Adamdan, ses yok!...
Mevcut, değiştirilmek ve Partili Cumhurbaşkanına uyarlanmak istenilen Anayasa'ya göre, ülkemizin zirve makamı Cumhurbaşkanlığı...
Recep Tayyip Erdoğan da, Seçilmiş Cumhurbaşkanı ve Anayasa uyarlanmasından sonra da "Seçilmiş Partili Cumhurbaşkanı" olacak..
Ondan sonraki tek makam, hiçlik, hiç!...
Birilerinin İleri Demokratça karşısına çıkıp; "Gözünüzü toprak doyursun!" demesi lazım galiba!
Seçilmiş Cumhurbaşkanı Recep Tayyip Erdoğan, Yargıda Birlik Derneği üyelerini konuk etti.

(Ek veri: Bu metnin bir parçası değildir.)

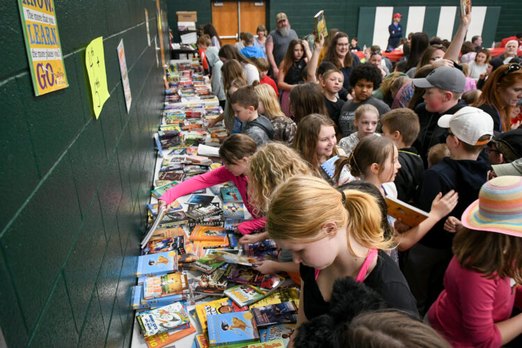At top and bottom, children sift through books after a winning card is verified during Book Bingo at Ashkar Elementary School on Thursday. The annual event, presented by the Parent Teacher Association, coincides with the Read Across America program celebrating the birthday of Dr. Suess. Above ...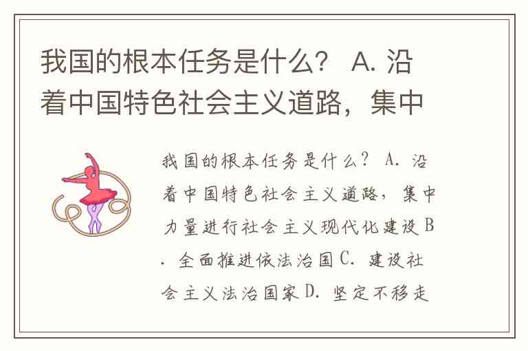我国的根本任务是什么? A. 沿着中国特色社会主义道路,集中力量进行社会主义现代化建设 B. 全面推进依法治国 C. 建设社会主义法治国家 D. 坚定不移走中国特色社会主义法治道路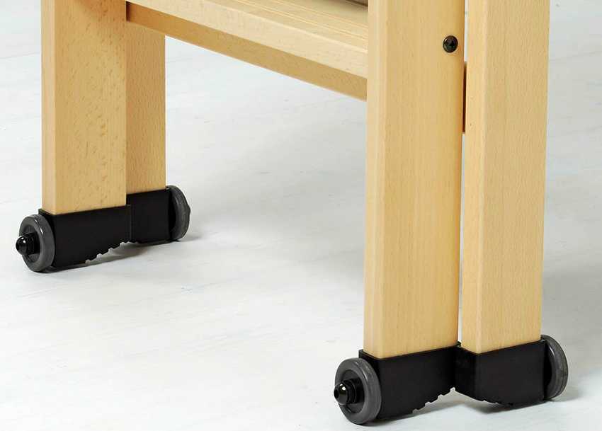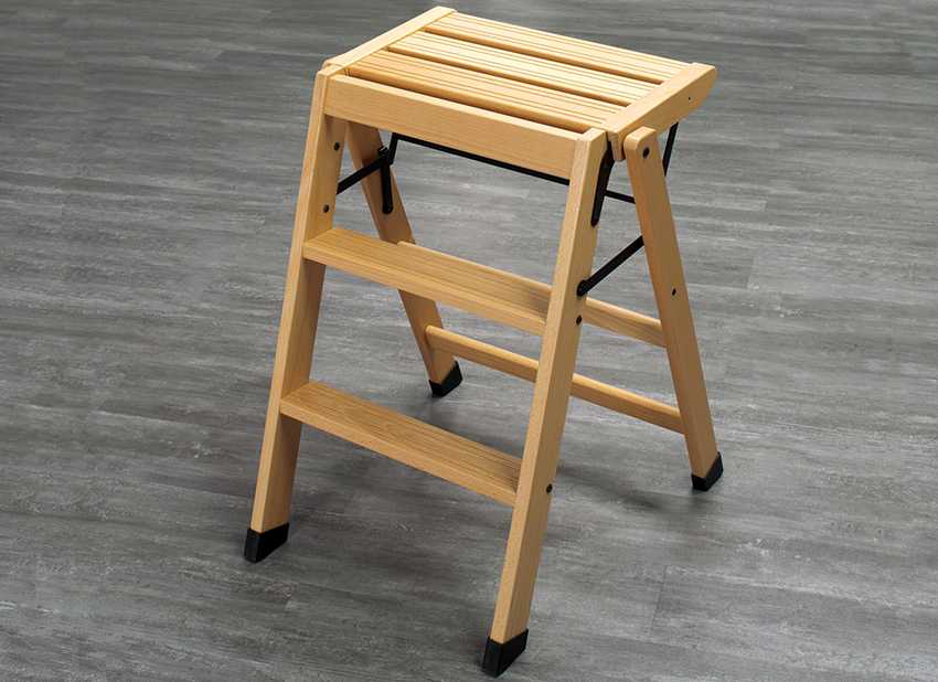 Деревянная табурет-лестница может быть оснащена дополнительным крепежом-блокировкой, который фиксирует устройство в нужном положении.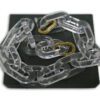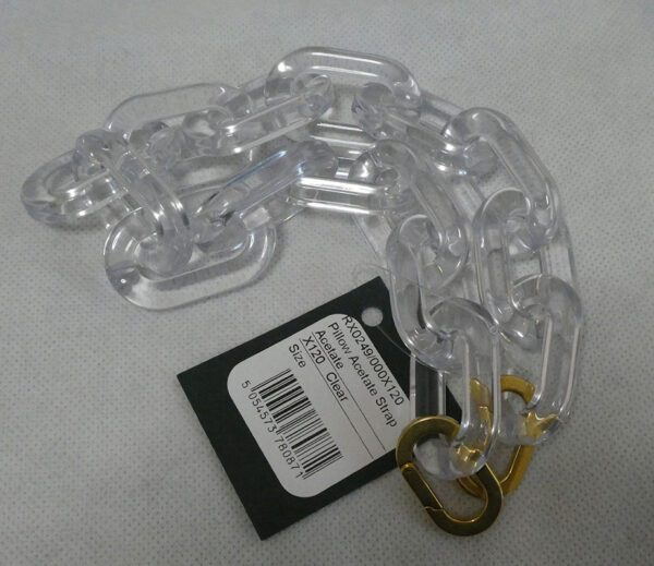 It is made from clear acetate with gold coloured hardware
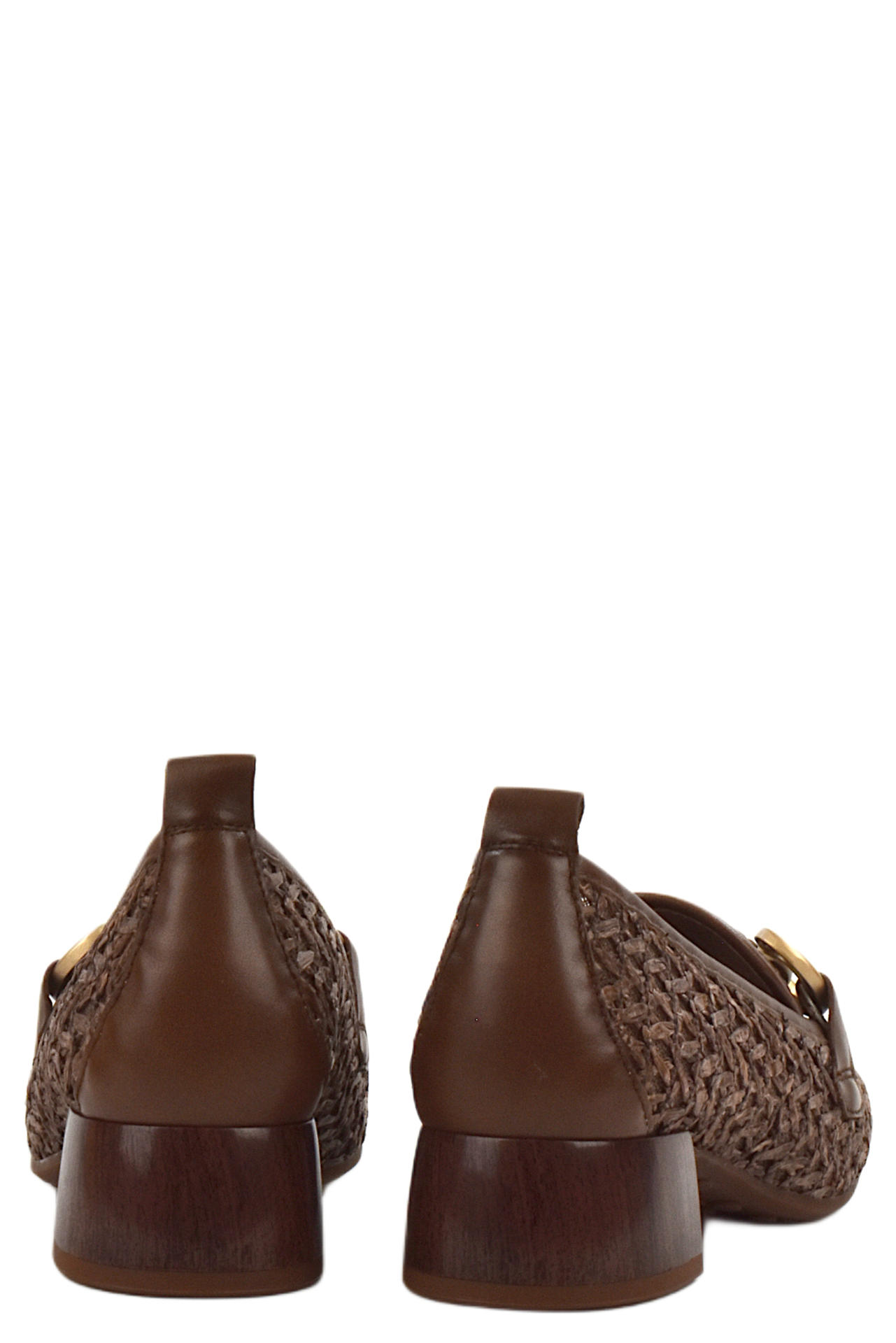 SCARPA IN TESSUTO LAVORATO E RIFINITURE IN PELLE. TACCO 35, FONDO GOMMA.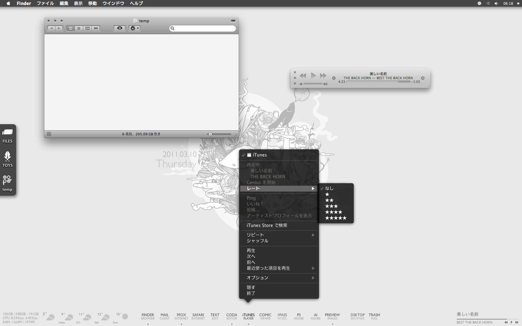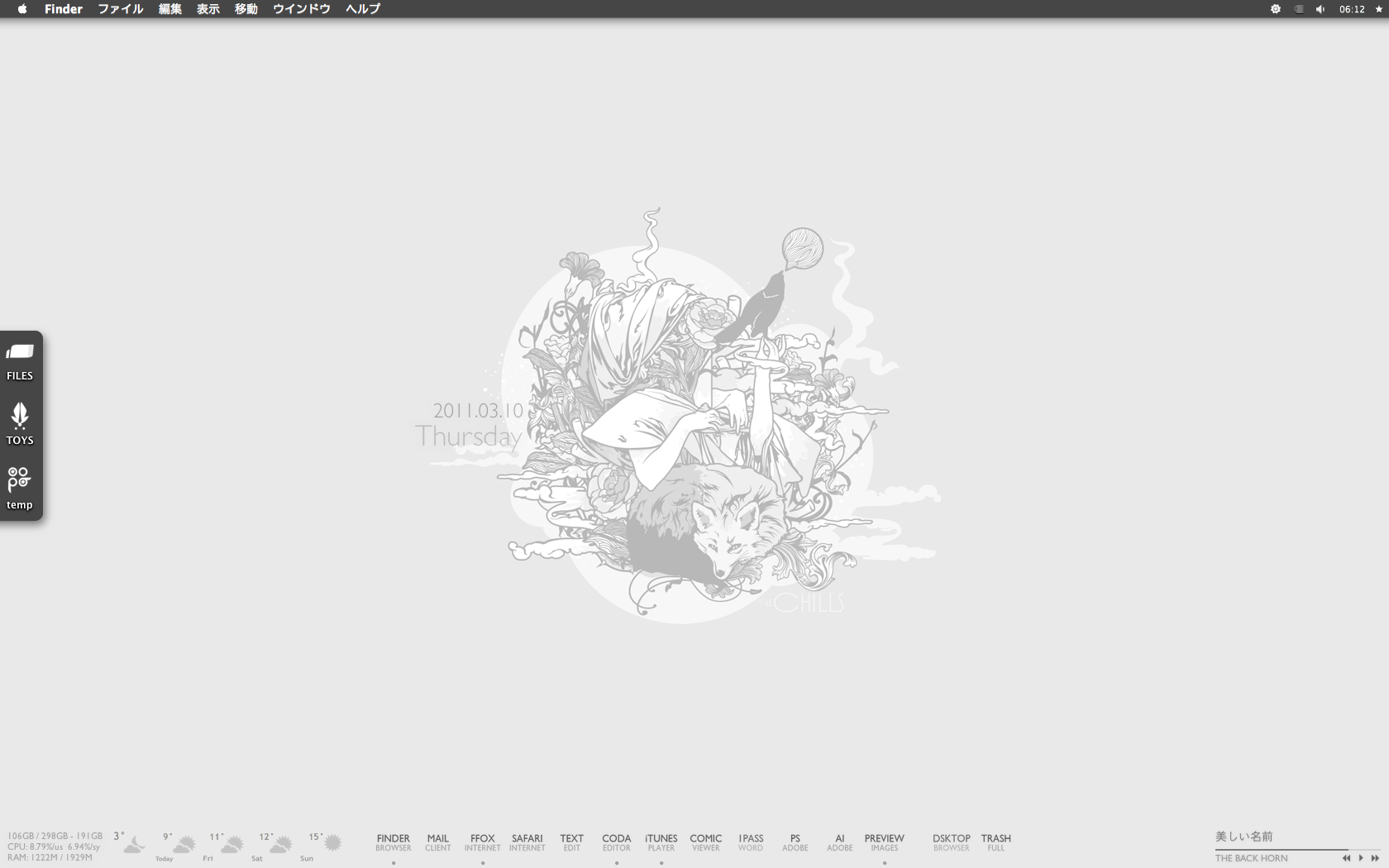 × [PR]上記の広告は3ヶ月以上新規記事投稿のないブログに表示されています。新しい記事を書く事で広告が消えます。 Wallpaper : The Chills .2009. by j3concepts Theme : Caesar for SL by Wowzera / Mods by Me Dock : Gill Sans Text Dock Icons by arcticTransfuse Icons : AMANA ICONS B by imrik Bowtie : Zukunft by arcticTransfuse / Mods by Me Yahoo Widget : widescapeWeather by Robert Wünsch DesktopLyrics by corecode PR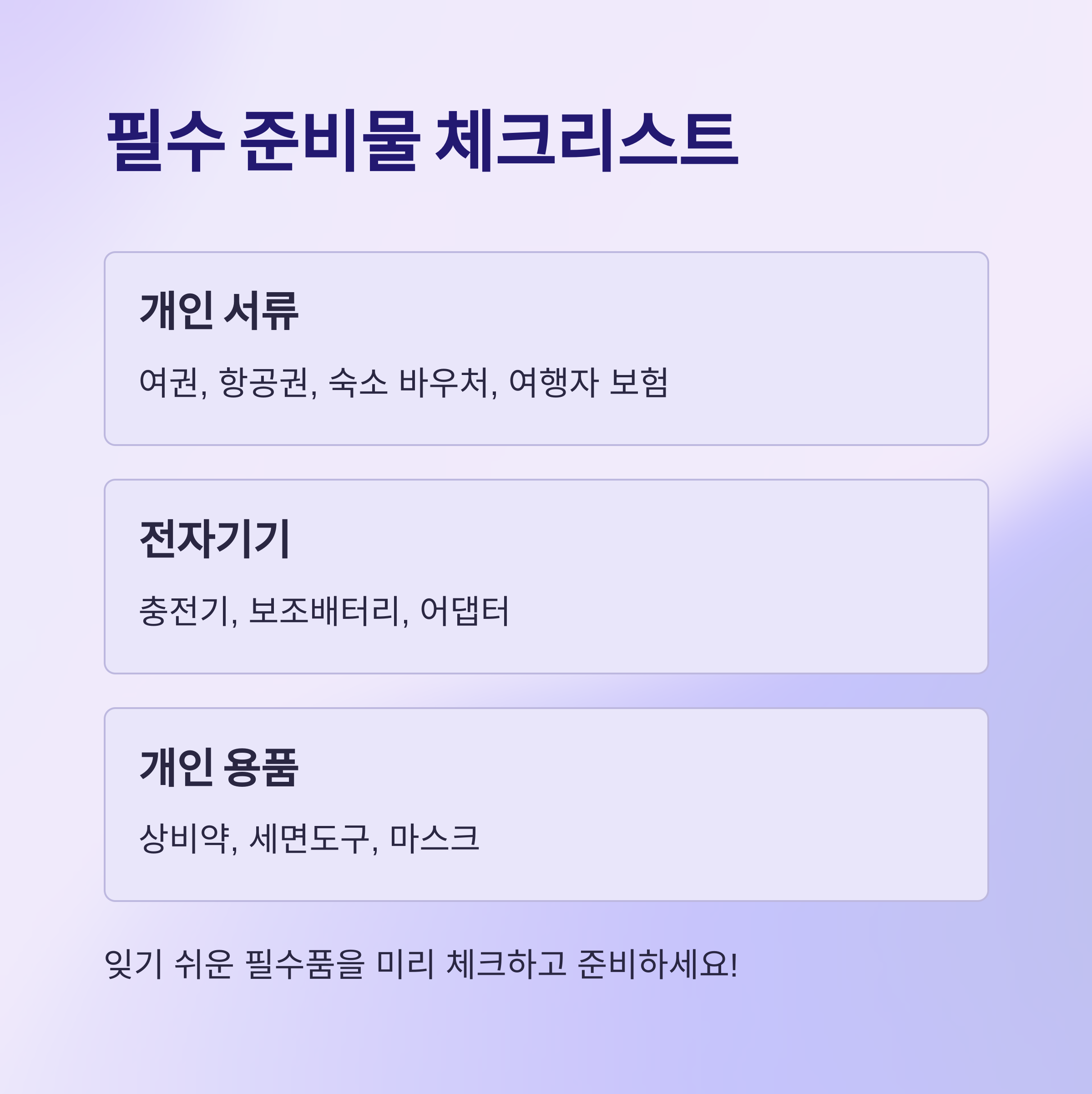 | 체크박스로 항목 하나씩 확인 | 신발 속에 양말, 약통에 액세서리 | 비상 상황 대비로 꼭 준비 |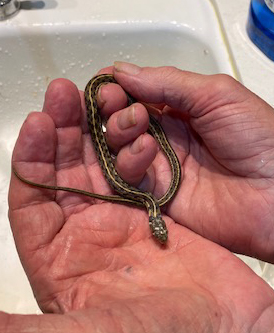Caretakers found small snake in basement, rescued it and set it free in house pond.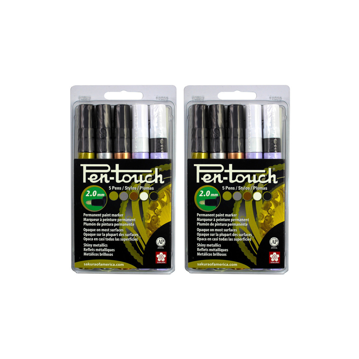Pen-Touch markers are perfect for marking and illustrating in bold colors. Pen-Touch writes on a wide variety of surfaces including cardstock, plastic, wood, glass, porcelain, paper and metal. The archival quality paint is chemically stable, waterproof, and fade resistant. The marker is also suitable for various industrial purposes, including manufacturing, quality control, security and theft prevention and construction. The marker features an aluminum barrel and a valve-action mechanism to ensure good flow of the highly pigmented ink. Writes on various surfaces, including steel & iron, sheet metal, glass & plexiglass, wood, ceramics, porcelain and plastics. Ideal for several industrial uses, including marking and identifying parts, pipes & tubing, sheet metal, wiring, construction assembly, manufacturing & fabrication processes. Adheres permanently to most surfaces. Removable from non-porous surfaces with alcohol or lacquer thinner. Each set includes 5 pens: Gold, Silver, White, Copper and Black. Sold as 2 sets for a total of 10 pens.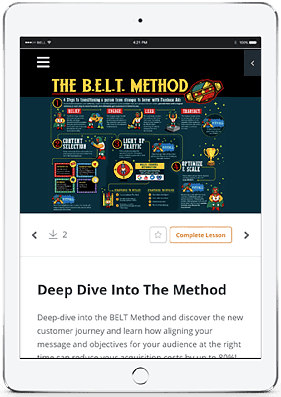 Whether you are a full-time marketer, digital agency owner, or solo-preneur running traffic for your own business – the BELT Method will provide you with the digital advertising strategies that you need to take your business to new heights.

15 Temmuz Kahpe Kalkışmasına vurgu yaparak darbe girişimi sonrası HSYK'ya, Emniyet genel Müdürlüğüne ve Türk Silahlı Kuvvetlerine yerleşmiş FETÖ'cülerin temizlendiğini söylediler. Reina katliamı sanığının 17 günde yakalanmış olmasını da başarı olarak nitelediler!
Başarı sayılabilir mi?
Bir adam, elini kolunu sallaya sallaya oraya nasıl gelmiş, 49 kişiyi nasıl katletmiş, sonra elini kolunu sallaya sallaya nasıl çıkıp gitmiş diye sorgulamazsak ve İstanbul'da hele de o güzergâhta 20 metrede bir mobese kameraların varlığı da hatırlanınca, 17 gün ölenlerin yakınları ve bütün ülkenin ne çektiğinin hatırlanmaması veya önemsenmemesi normal midir, diyesim geliyor!
Söylenecek, itiraz edilecek o kadar çok mevzu var ki ama bugün konu bu değil!
Şu anda seçilmiş, bir kaç gün sonra da Partili Cumhurbaşkanlığına hazırlanan Sayın Erdoğan'dan, mini-minnacık bir empati rica edeceğim.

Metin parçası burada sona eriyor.